School of Engineering, Brown University, Providence, Rhode Island, USA.
Graduate School of Convergence Science and Technology, Seoul National University, Seoul, Republic of Korea.
Nat Methods. 2015 Dec;12(12):1157-62. doi: 10.1038/nmeth.3620. Epub 2015 Oct 12.
Optogenetics, the selective excitation or inhibition of neural circuits by light, has become a transformative approach for dissecting functional brain microcircuits, particularly in in vivo rodent models, owing to the expanding libraries of opsins and promoters. Yet there is a lack of versatile devices that can deliver spatiotemporally patterned light while performing simultaneous sensing to map the dynamics of perturbed neural populations at the network level.

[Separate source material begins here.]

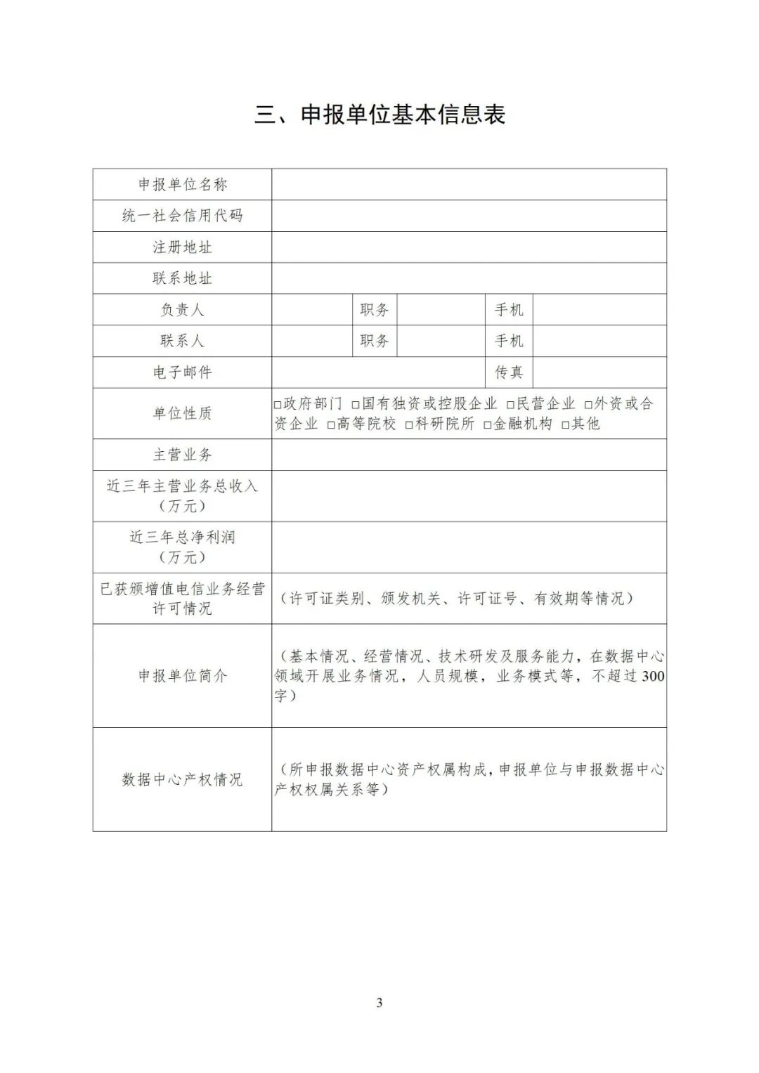 (二)省級(jí)工業(yè)和信息化主管部門會(huì)同發(fā)展改革委、商務(wù)主管部門、能源部門及通信管理局負(fù)責(zé)組織本地區(qū)推薦工作,對(duì)申報(bào)單位的材料完整性、真實(shí)性進(jìn)行審核,并擇優(yōu)推薦至工業(yè)和信息化部(推薦匯總表見附件3)。中國電信集團(tuán)有限公司、中國移動(dòng)通信集團(tuán)有限公司、中國聯(lián)合網(wǎng)絡(luò)通信集團(tuán)有限公司、中國廣播電視網(wǎng)絡(luò)集團(tuán)有限公司所屬數(shù)據(jù)中心由集團(tuán)公司擇優(yōu)推薦至工業(yè)和信息化部。

We have created optoelectronic actuator and sensor microarrays that can be used as monolithic intracortical implants, fabricated from an optically transparent, electrically highly conducting semiconductor ZnO crystal. The devices can perform simultaneous light delivery and electrical readout in precise spatial registry across the microprobe array. We applied the device technology in transgenic mice to study light-perturbed cortical microcircuit dynamics and their effects on behavior. The functionality of this device can be further expanded to optical imaging and patterned electrical microstimulation.
光遗传学是通过光选择性地激发或抑制神经回路,已经成为解析功能大脑微回路的一种变革性方法,特别是在体内啮齿动物模型中,这要归功于不断扩展的 opsin 和启动子库。然而,仍然缺乏能够在执行同时感测的同时提供时空模式化光的通用设备,以在网络水平上映射受扰神经群体的动力学。我们已经创建了光电执行器和传感器微阵列,可以作为单片皮层内植入物,由光学透明、电导率极高的半导体 ZnO 晶体制成。这些设备可以在微探针阵列中以精确的空间配准同时进行光传输和电读取。我们将该设备技术应用于转基因小鼠中,以研究光干扰的皮层微回路动力学及其对行为的影响。该设备的功能可以进一步扩展到光学成像和模式化电微刺激。